Chia seed pudding + homemade ice cream = a Tropical Chia Seed Ice Cream Bowl.
Kinda sounds like a weird combo, right?
But it’s so NOT weird. This bowl tastes just like a piña colada.
The luscious homemade ice cream paired with the magic of tiny chia seeds will transport you to the beaches of Hawaii – and it doesn’t get much healthier than this.
Only 4 ingredients on this list, my friend. No sugar added.
Homemade ice cream or “nice cream” sounds like a chore but when you blend up frozen pineapple, frozen mango and creamy almond milk, you get the sweetest all-natural ice cream. Or as I like to call it, Hawaii in a bowl ♥ I always thought using frozen bananas was the only way to make “nice cream” but they aren’t necessary! I guess any frozen fruit will do as long as you have the patience to pulse and blend and pulse and scrape down the sides and pulse and pulse some more, until it’s smooth 😉
I’m obsessed with chia seeds because they keep me full and they’re a major superfood. Basically a necessity in the plant based diet. They have lots of fiber, protein, omega’s, potassium, magnesium and calcium. All the essentials to make you feel energized, balanced and full while making your tummy feel happy too. I eat them in some form or another every single day. So when I was in the kitchen making my usual chia pudding yesterday, I procrastinated working out by making fruity ice cream in the blender and scooping it alongside my chia creation instead. So much more fun than working out 😉 If you haven’t tried chia seeds yet, now’s the time. You can buy them here.

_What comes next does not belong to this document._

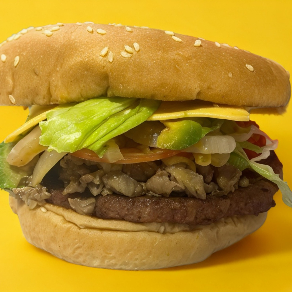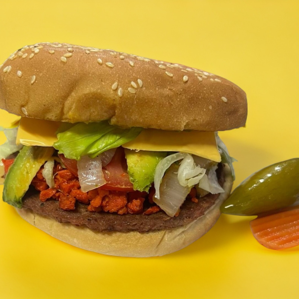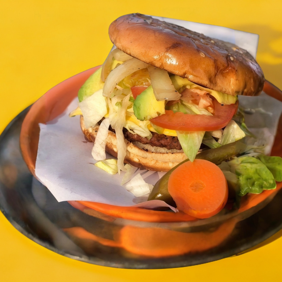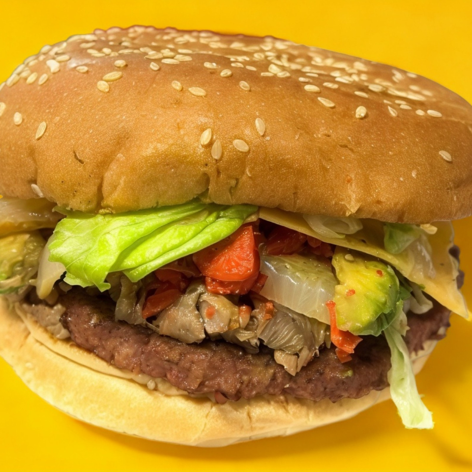 Carne de Hamburguesa, Bistec, Mayonesa, Mostaza, Lechuga, Tomate, Pepinillo, Aguacate y Cebolla Asada.

It’s perfectly acceptable to eat this Tropical Chia Seed Ice Cream Bowl at any point throughout the day.. breakfast lunch, dinner.. whenever. It’s a 100% guilt free dessert. YESSS.
Go make this, right now. Go!
- 2 tablespoons chia seeds
- 1/2 cup unsweetened vanilla almond milk (or any plant milk)
Tropical Ice Cream
- 1/2 cup frozen pineapple
- 1/2 cup frozen mango
- 1/2 cup unsweetened vanilla almond milk
- In a small bowl or mason jar, combine the chia seeds with the almond milk. Mix well, cover and refrigerate for at least 3 hours, or overnight. (I always triple this batch for extra servings during the week!)
- In a high speed blender or food processor, pulse/blend the frozen pineapple, frozen mango and almond milk. The more milk you add, the less “ice cream” like the consistency will be so don’t add much more than 1/2 cup. Keep pulsing and scraping down the sides until it reaches a smooth consistency – it may take a few minutes.
- Transfer the chia pudding to a bowl. Scoop the ice cream alongside the chia pudding. Top with strawberries, grab a spoon and enjoy!
- *To make blending the ice cream easier, leave the frozen fruit out on the kitchen counter for 15 minutes to soften and make blending easier.
- *Coconut milk instead of almond milk makes this treat even more delectable!